Marialva Resende Rodrigues de Souza, 47 anos, moradora de Catas Altas da Noruega, professora e organizadora de romaria há 28

 

 

 

A sagrada beleza do patrimônio imaterial
Sérgio Rodrigo Reis *


O Brasil tem sido pródigo em exemplos da fé popular. Em busca de aproximações com o sagrado, milhares de pessoas saem em peregrinações pelo país, em manifestações religiosas repletas de simbolismos, singularidades e de rara beleza. Mais do que eventos efêmeros, esse conjunto de celebrações e práticas leva os fiéis em direção ao nosso patrimônio imaterial, simbolizado pelas representações, expressões, conhecimentos e habilidades surgidas ao redor das crenças populares.

Associado a comunidades, grupos e, em alguns casos, a indivíduos, esse patrimônio, transmitido de geração em geração, vem sendo recriado em função de seu ambiente, de sua integração com a natureza e de sua história, com um sentido de identidade e continuidade. O patrimônio imaterial se manifesta em tradições e expressões orais, incluindo o idioma como seu veículo de transmissão nas práticas sociais e nos rituais, nos conhecimentos e práticas relacionadas com a natureza e com as artes. A facilidade para se conectar a saberes, ofícios e crenças possibilita a produção de ricas e singulares expressões da fé.

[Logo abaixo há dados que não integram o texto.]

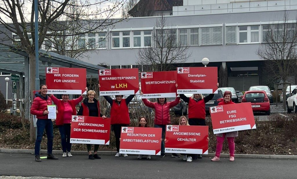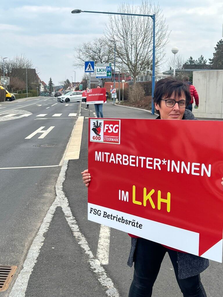 Mit der FSG-GÖD-Wanderplakatstraße startete eine Aktion, die in alle Regionen der Steiermark geschickt werden soll. Die FSG-Betriebsrät:innen in den steirischen Spitälern machen auf die nach wie vor prekäre Situation in nahezu allen Spitälern der steirischen Regionen aufmerksam. Die bedarfs- und zukunftsorientierte Gesundheitsversorgung muss in allen Regionen sichergestellt werden. Von Seiten der Landespolitik und Bundespolitik müssen spürbare Verbesserungsschritte gesetzt werden. Die politisch Verantwortlichen in der Steiermark, insbesondere die LRin für Gesundheit, sind aufgefordert, hier rasch zu handeln – besser morgen als übermorgen. Einige der FSG-GÖD-Ansätze (weitere folgen) wären:

O Círio de Nazaré, em Belém do Pará, é um exemplo. Considerada uma das maiores procissões religiosas do mundo, atrai, anualmente, no segundo domingo de outubro, milhões de romeiros em homenagens a Nossa Senhora de Nazaré. Por causa da dimensão, a manifestação foi inscrita pela Unesco, em 2013, na Lista de Patrimônio Cultural Imaterial da Humanidade. Trata-se da única manifestação da fé popular brasileira com tamanha deferência.

Mas há outras também cercadas de peculiaridades.

Da segunda metade do século 18 até hoje, Congonhas foi transformada em centro de peregrinação e depositária de sucessivas consagrações de milagres. De 7 a 14 de setembro, anualmente, por lá circulam em torno de 150 mil fiéis, em uma romaria de fé ao Senhor Bom Jesus de Matosinhos. Promessa e milagre – voto e ex-voto – a transformam em testemunha da reciprocidade de dons trocados entre o humano e o divino, no plano da organização religiosa. Seja por meio da ação corporal ou da oferta material, o fiel agradece à graça alcançada à entidade sobrenatural, que lhe valeu em momento de aflição e extrema crise, constituindo-se em um dos mais belos exemplos do patrimônio imaterial de nosso povo.